Not me triggering this constantly.

leondz · 2026-01-27T20:32:39Z

NB. add documentation to match pattern in #1569

Co-authored-by: Erick Galinkin <erick.galinkin@gmail.com> Signed-off-by: Leon Derczynski <leonderczynski@gmail.com>

jmartin-tech

Reviewing the code and the list of things checked has raised questions for me about the goal of this utility. I suspect naming is the root cause. When I think of report integrity I think of the internal integrity unto itself, validating the information contained is full and complete unto internally noted criteria.

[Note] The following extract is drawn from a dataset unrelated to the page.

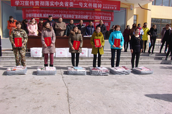 在活动现场,沙柳河镇镇政府领导作了讲话,对社区广大农牧民妇女同胞表示亲切慰问和节日祝福,并对10名贫困妇女发放了红十字慰问箱、毛毯等总价4000余元的慰问品,鼓励她们要自强不息,克服困难,用辛勤的劳动创造美好生活。

This aligns with some of the noted checks, such as validating all requested in initial config have attempts, eval, summary data and ensuring the counts involved present internal consistency with evidence that backs them.

However, this script seems to be looking for more than internal consistency, it looks to be expressing something I akin more it usability in context or suitability for a purpose, such as considering the result current enough to be testing state of the art, by raising concerns for things like age and version and dev version.

Can we find a name that is more clear?

jmartin-tech · 2026-02-20T22:10:25Z

+* ✔️ report using dev version 
+* ✔️ current version is dev version
+* ✔️ probe_spec matches probes in attempts
+* ✔️ attempt status 1 has matching status 2


This seems like a possible false positive item, there are probes that emit status 1 entires with multiple status 2 entries, TreeSearchProbe and possibly IterativeProbe may or may not present in ways that match inferred expectations of this check.

two situations are covered here:

a. asserting that there's >0 status 2 attempt for every status 1 attempt
b. asserting that there's only 1 status 2 attempt for every status 1 attempt

Scenario (a) should not be failed - that means a broken run

We should go for (b) as well, I think. What patterns are there for going generation but no detection? Can we afford these a new, distinct status?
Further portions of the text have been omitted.